Violet mana rippled again across the soil. Nico sidestepped one line, then another, skipping over each in quick succession like he was playing hopscotch— until he landed closer to Zhou than intended. The Sage tilted his head, amusement in his eyes as he looked down at the fox now standing squarely in his space.
“You’re having fun for someone so intent on sulking.”
Nico’s eyes narrowed as his internal de-escalation session neared its limit.
Hey, fuck you.
He glanced up, just to make sure he hadn’t actually said it out loud. Their eyes met.
“How did you know I was at the station?” The question slipped out more abruptly than he intended. He took a half step aside, tail swishing.
“You summoned me,” Zhou replied easily.
“…?” One ear tilted.
“With your summoning circle of arson,” Zhou added, smiling sweetly.
“So it worked.” Nico replied shamelessly as he pranced ahead, deliberately avoiding eye contact.
Another pulse rolled through the orchard. The violet light slid beneath his feet without resistance, making him realize belatedly that dodging it hadn’t been necessary. Zhou kept walking at a relaxed pace, clearly in a good mood.
***
After a few more turns, several confident trail choices, and a noticeable incline in elevation, Nico still wasn’t sure if Zhou had an actual destination or if he was just winging it. They hadn’t encountered any Riftborn, so they had time to find some rhyme or reason to the place, but he still wanted to get out of it. Surely sages had some kind of special connection with rifts. Surely he would not trap them first and figure it out later.
“…” Nico swatted away the resentment that kept buzzing around in his head, unwilling to let it land on his fresh denial.
Zhou’s resonance faded when they reached what could only be called a dead end: a ring of trees forming a neat cul-de-sac. Nico stopped beside him, unimpressed. After a moment of evaluation, he planted into another sit, deciding against commentary since he wasn’t offering any solutions himself.

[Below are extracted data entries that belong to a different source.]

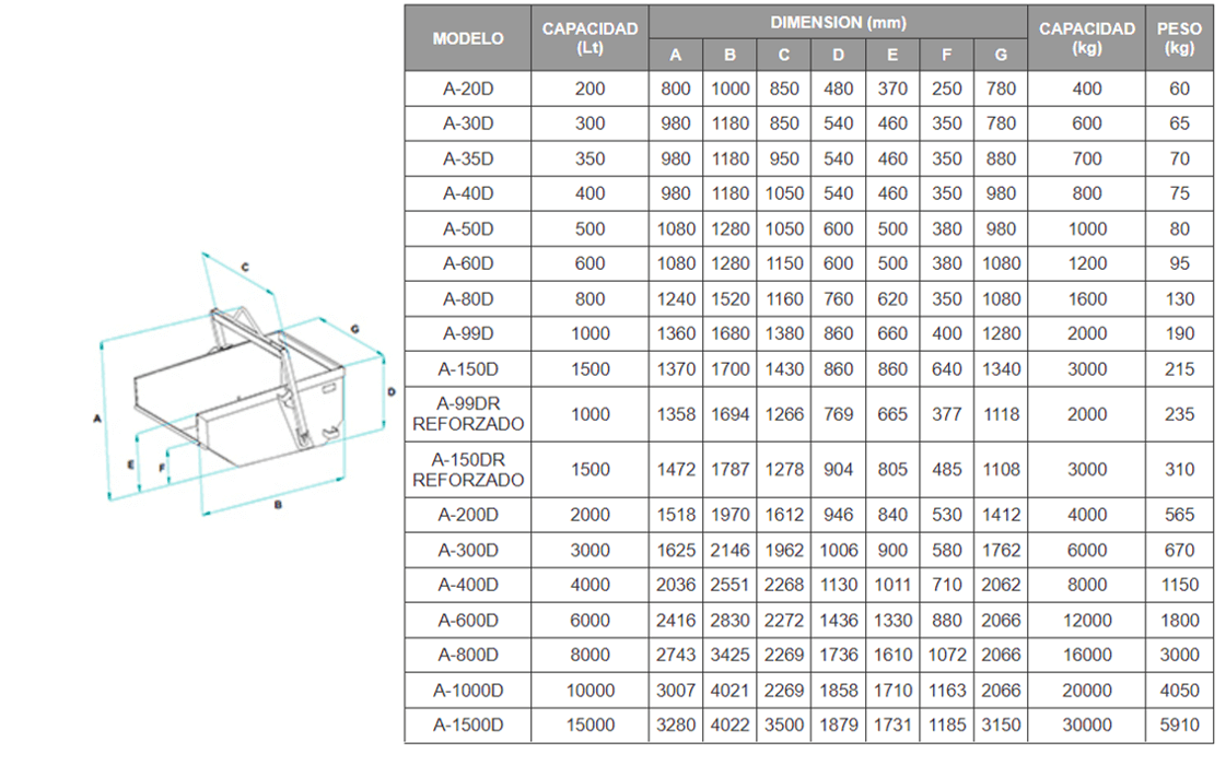 Balde autodescargante para concreto, modelo A99D
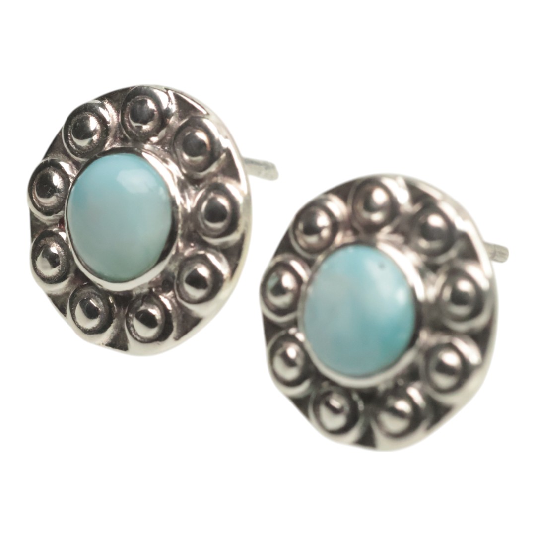 Sunflower Larimar 925 Sterling Silver Stud Earrings – Unique Handmade Gemstone Jewelry
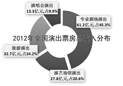 統(tǒng)計(jì)顯示,2012年全國(guó)演出經(jīng)紀(jì)機(jī)構(gòu)各項(xiàng)收入總計(jì)79.1億元,其中劇場(chǎng)售票演出收入48.83億元,企業(yè)包場(chǎng)或參與企業(yè)年會(huì)等活動(dòng)收入9.83億元,提供中介服務(wù)收入3.37億元,藝人代言、廣告等收入約17億元。

The sage stepped closer to the nearest row of trees. Nico watched with baited breath, hoping that the roots would flick him too. The fruit gleamed starkly as Zhou approached. Roots stirred beneath the soil and pushed upward, weaving into a tight lattice between the trees. He stopped in front of one trunk and placed a hand on the bark. The roots didn’t seem to care for that. They surged toward him in a quick, snaking motion.
Violet mana poured from his palm and sank into the trunk. The light ran through the wood, tracing the grain like veins. When the surge reached the fruit, the light ruptured outward in a clean wave, nullifying the mana across the entire line. The glow inside the gem-fruit died instantly. The once luminous cores darkened to dull, lifeless stone. The trees blacked out in perfect unison, leaving only dim afterimages of gems as their collective energy dissolved into the air. The roots froze where they laced, inert, no longer responsive with mana.

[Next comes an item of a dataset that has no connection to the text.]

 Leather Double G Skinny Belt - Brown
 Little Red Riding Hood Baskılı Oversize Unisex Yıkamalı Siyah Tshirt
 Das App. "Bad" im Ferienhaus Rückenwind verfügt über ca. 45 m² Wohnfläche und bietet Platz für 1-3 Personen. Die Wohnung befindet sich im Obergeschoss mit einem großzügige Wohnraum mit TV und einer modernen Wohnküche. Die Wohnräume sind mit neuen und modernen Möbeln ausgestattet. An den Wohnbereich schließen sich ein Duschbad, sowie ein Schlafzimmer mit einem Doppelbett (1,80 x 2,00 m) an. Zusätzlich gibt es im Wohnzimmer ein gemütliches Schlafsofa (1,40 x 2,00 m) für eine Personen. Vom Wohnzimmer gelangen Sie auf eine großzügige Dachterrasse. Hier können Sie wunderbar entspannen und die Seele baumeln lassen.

Nico’s ears shot upright the moment Zhou sunk mana into the bark, in sudden realization of what he was doing. He bounced a step closer, tail raised, curiosity overwhelming. His paws shifted quick in the dirt as he craned his neck, tilting his head from side to side. His eyes tracked the violet current racing from tree to tree, jumping from one mana source to the next before nullifying them all at once. His tail swayed as the last wisps of residual mana drifted away into the ambiance.
Nico was an alchemy nerd— of course he wanted to see a S-grade skill in action.